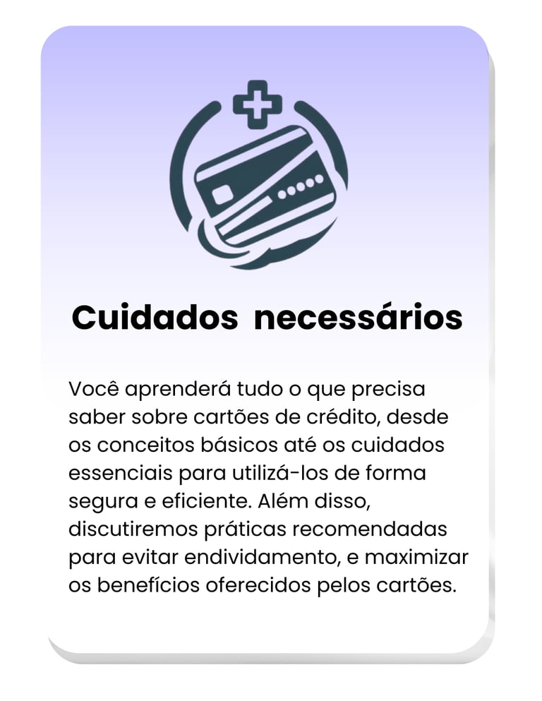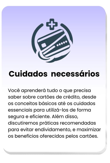 Você aprenderá tudo o que precisa saber sobre cartões de crédito, desde os conceitos básicos até os cuidados essenciais para utilizá-los de forma segura e eficiente. Além disso, discutiremos práticas recomendadas para evitar endividamento, e maximizar os benefícios oferecidos pelos cartões.
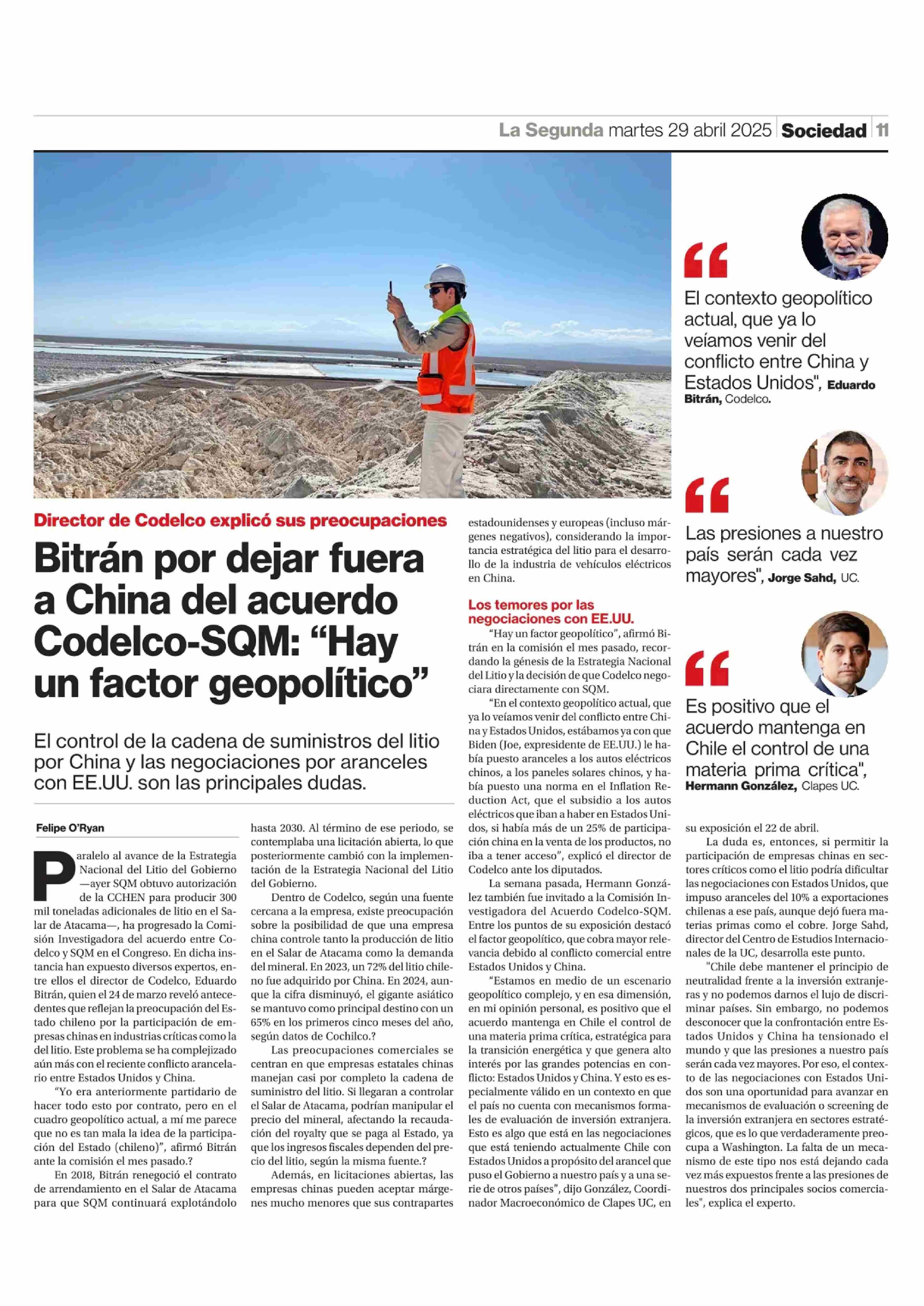 Bitrán por dejar fuera a China del acuerdo Codelco-SQM: “Hay un factor geopolítico” 29-04-2025 La Segunda |
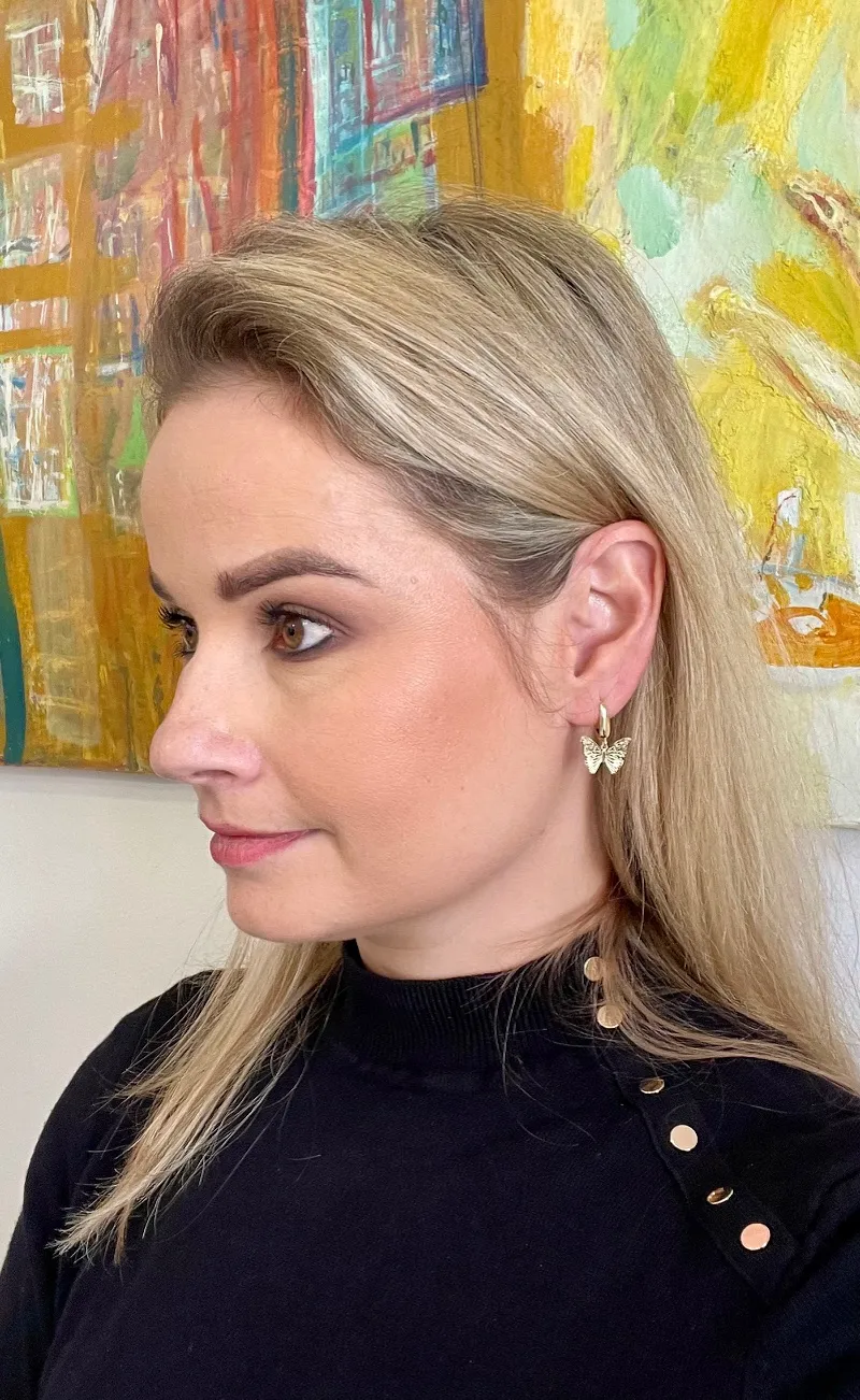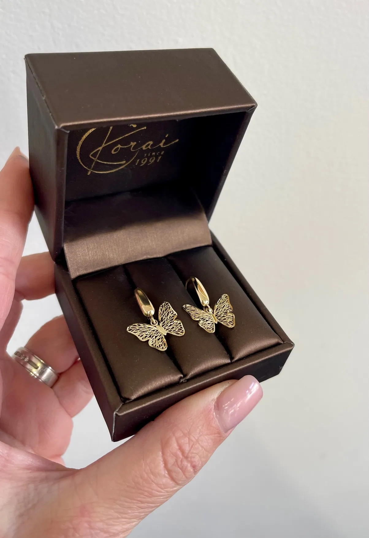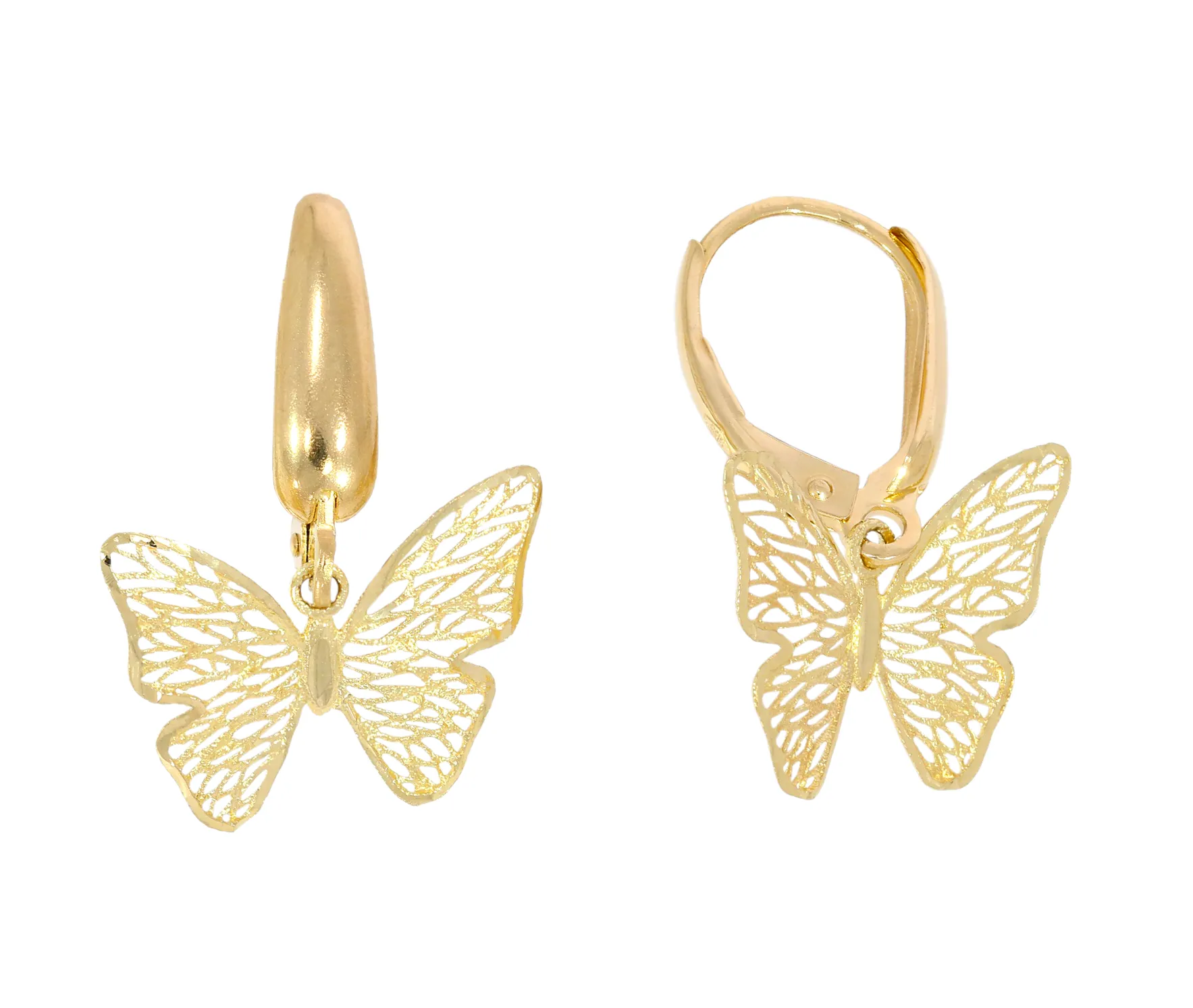 Krásne zlaté visiace náušnice vyrobené zo žltého 14 karátového zlata v tvare motýľov. Náušnice majú krásne prepracované detaily, patentové zapínanie a sú ideálne aj ako darček.

Goal of the exercise | Print the stretch of the data from the line with "Bitrán por dejar" through its last line, exactly and with both ends kept. Omit pictures.

Answer for this exercise |
 Bitrán por dejar fuera a China del acuerdo Codelco-SQM: “Hay un factor geopolítico” 29-04-2025 La Segunda |
 Krásne zlaté visiace náušnice vyrobené zo žltého 14 karátového zlata v tvare motýľov. Náušnice majú krásne prepracované detaily, patentové zapínanie a sú ideálne aj ako darček.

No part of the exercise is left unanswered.